NB: uitsluitend het uit drie vectoren bestaande SFV replicon systeem bestaande uit de vector pSFV3 (bevat de niet-structurele genen van SFV) en de twee helper plasmiden, pSFV-helper-C en pSFV-helper-S2, is tot nu toe als biologisch ingeperkt beoordeeld. De helper plasmiden pSFV-helper-C en pSFV-helper-S2 bevatten respectievelijk de genen coderend voor het capside eiwit en de envelop eiwitten van SFV. In het capside gen is de autoprotease activiteit verwijderd door mutatie van drie nucleotiden resulterend in een serine-alanine mutatie.

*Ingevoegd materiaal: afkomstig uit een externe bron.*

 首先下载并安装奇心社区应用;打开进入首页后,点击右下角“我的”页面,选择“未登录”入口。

Overige SFV replicon systemen dienen via 5.4.3 te worden ingeschaald.
Voorbeeld:
- Handelingen met MVA, waarbij het GFP gen gekloneerd is in het MVA genoom: inschaling via 5.4.2.i op ML-I. Toelichting: MVA is een biologisch ingeperkte variant van het vacciniavirus (PG2 virus) en er is een gekarakteriseerde, onschadelijke donorsequentie (GFP) aanwezig.

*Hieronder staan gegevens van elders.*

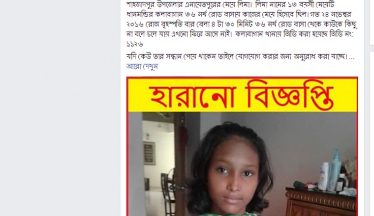 শাহজাদপুর প্রতিনিধি : জনপ্রিয় সামাজিক যোগাযোগ মাধ্যম ফেসবুকে ছবি সম্বলিত ‘হারানো বিজ্ঞপ্তি’ পোস্ট দেয়ায় ঢাকা থেকে ১১ দিন পূর্বে হারিয়ে যাওয়া গৃহপরিচারিকা লিমা (১৩)’র সন্ধান মিলেছে। লিমা গত ২৪ নভেম্বর বিকেলে ঢাকার ৩৬ নর্থরোড এলাকার একটি বাসায় গৃহপরিচারিকার কাজ করাবস্থায় বাড়ির মালিকের ওপর অভিমান করে বাড়ি থেকে বের হয়ে তার গ্রামের বাড়ি শাহজাদপুরের উদ্দেশ্যে রওয়ানা দিয়ে মহাখালী এলাকায় সে হারিয়ে যায়। লিমা সিরাজগঞ্জ জেলার শাহজাদপুর উপজেলার খুকনী যুগীবাড়ি মহল্লার দরিদ্র তাঁতশ্রমিক চাঁন মিয়ার শিশুকন্যা বলে জানা গেছে। এদিকে, বাড়ির মালিক খোঁজাখুঁজি করে তার কোন সন্ধান না পেয়ে ঢাকার কলাবাগান থানায় একটি সাধারণ ডায়েরি করেন। জানা গেছে, স্থানীয় সংবাদকর্মী মামুন বিশ্বাস লিমার হারিয়ে যাওয়ার বিষয়ে জানতে পেরে গত সোমবার ভোরে প্রথমে জেলার ‘আমাদের সিরাজগঞ্জ’ নামের ফেসবুক গ্রুপে তার ছবি সম্বলিত হারানো বিজ্ঞপ্তি পোস্ট করেন। একইদিন সন্ধ্যায় তিনি তার ব্যক্তিগত প্রোফাইলে ১২ জনকে জড়িয়ে করে অপর একটি পোস্ট করেন। ঢাকার মহাখালী এলাকার জনৈক তারেক ফেসবুকের ওই স্ট্যাটাসটি দেখে লিমাকে সিরাজগঞ্জের একটি বাসে তুলে দিলে গতকাল মঙ্গলবার সকাল ৮ টায় লিমা বাড়ি ফেরে। এদিকে, হারিয়ে যাওয়া লিমাকে ফিরে পেয়ে তার স্বজনেরা ‘আমাদের সিরাজগঞ্জ’ ফেসবুক গ্রুপ ও সংবাদকর্মী মামুন বিশ্বাসসহ সংশ্লিষ্টদের প্রতি গভীর কৃতজ্ঞতা প্রকাশ করেন।

- Handelingen met MVA, waarbij een enkel viraal gen coderend voor een (antigeen) HPV eiwit gekloneerd is in het MVA genoom: inschaling via 5.4.2.h op ML-I. Toelichting: MVA is een biologisch ingeperkte variant van het vacciniavirus (PG2 virus) en de in de gastheer gebrachte virale sequentie (afkomstig van een PG2 virus) kan niet leiden tot de vorming van autonoom replicerende virusdeeltjes).
Biologisch ingeperkte systemen gebaseerd op virussen van klasse 2, die ingeschaald kunnen worden via 5.4.2:
- Influenza stammen A/PR/8/34 en A/WSN/33 die zijn vervaardigd middels recombinant DNA technieken;
- afgeleiden van deze stammen waarbij minimaal 6 genoomsegmenten afkomstig zijn van deze stammen en twee heterologe gensegmenten van andere Influenza A stammen. Daarbij geldt voor heterologe HA-coderende gensegmenten dat de aanwezigheid van een basische klievingsplaats is uitgesloten.
NB. Inschalingsartikel 5.4.2 mag niet worden toegepast als door de combinatie van gastheercel, virale vector en/of donorsequentie de inperking van het systeem wordt opgeheven (gecomplementeerd).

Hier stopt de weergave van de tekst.